NEW YORK — Gone are the days when you could walk out of a store carrying a Baccarat crystal vase, accidentally drop it on the sidewalk and automatically expect your gold credit card to reimburse the purchase price.
Visa USA Inc. has announced that starting March 1, banks and other issuers of Visa gold cards will no longer have to offer purchase protection--the insurance covering the cost of merchandise broken or stolen.
Although the MasterCard gold card and all American Express cards still offer the service, credit card industry analysts are noticing a general cutback on some of the perks companies use to try to entice customers to their cards in the first place.
"You can attach lots of bells and whistles to your card, but if the customer doesn't care or doesn't use them, what's the use?" said Maria Mendler, spokeswoman for Citibank, the largest credit card issuer in the U.S. with 38 million cards.
The New York-based bank canceled two programs at the beginning of the year--extended warranties for products purchased with its cards, and guaranteed lowest prices, where the bank refunds the difference if you buy a product and then see it elsewhere for less. Customer research found that the plans were underutilized and weren't bringing in new customers, Mendler said.

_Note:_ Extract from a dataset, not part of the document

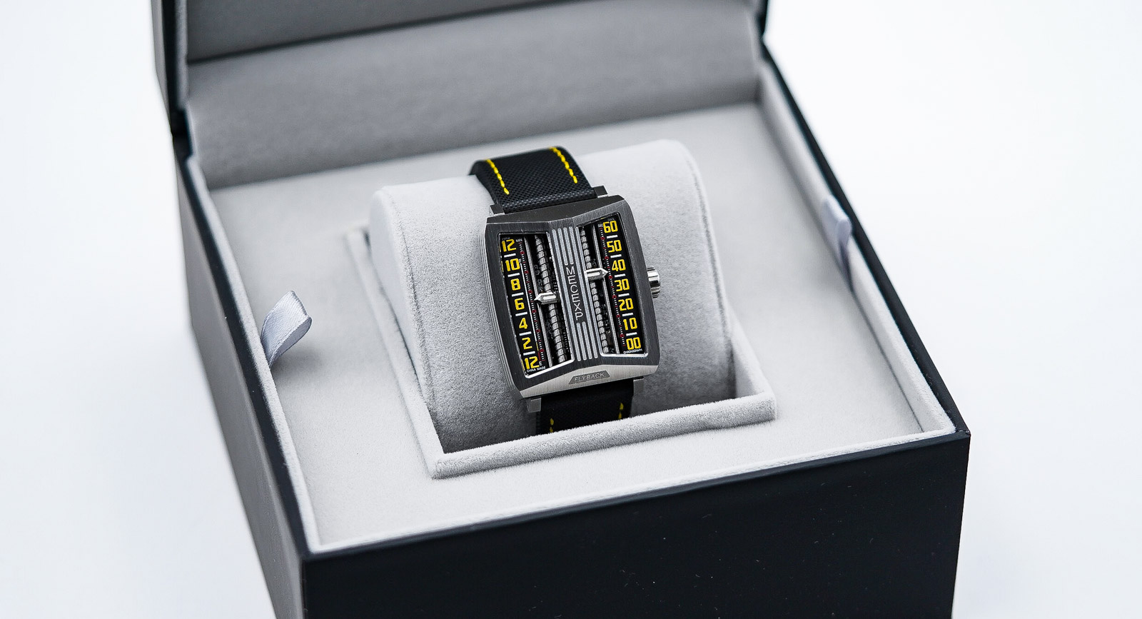 The “dial,” if we can call it that, consists of two rectangular sapphire-glass-covered windows. One displays the hour, the other the minutes. Inside, you’ll see the leadscrew and rail system that guides the indicators, which act as hands. The hour and minute indices are in yellow, matching the accents throughout the watch, and both the markers and indicators are lumed for nighttime legibility. A small OCD detail I noticed: the “hands” or as they are called by MECEXP: “Indicators” do wobble slightly when stationary—this is due to the design of the leadscrew rail system. While it doesn’t impact function, it’s worth noting for those who demand absolute precision in alignment.

But Citicorp offers purchase protection on all its cards and will continue offering that insurance even after Visa drops it.
Chase Manhattan Corp., which is to combine card operations with Chemical Banking Corp. as part of a larger merger later this year, also intends to voluntarily continue purchase protection, but it has already canceled an extended warranty program.
Visa spokeswoman Stephanie Caracristi said the company discontinued requiring purchase protection because research showed gold card consumers find it less important than other perks such as free extended warranties.
Industry-watchers said enhancement programs are not only expensive, they are subject to abuse.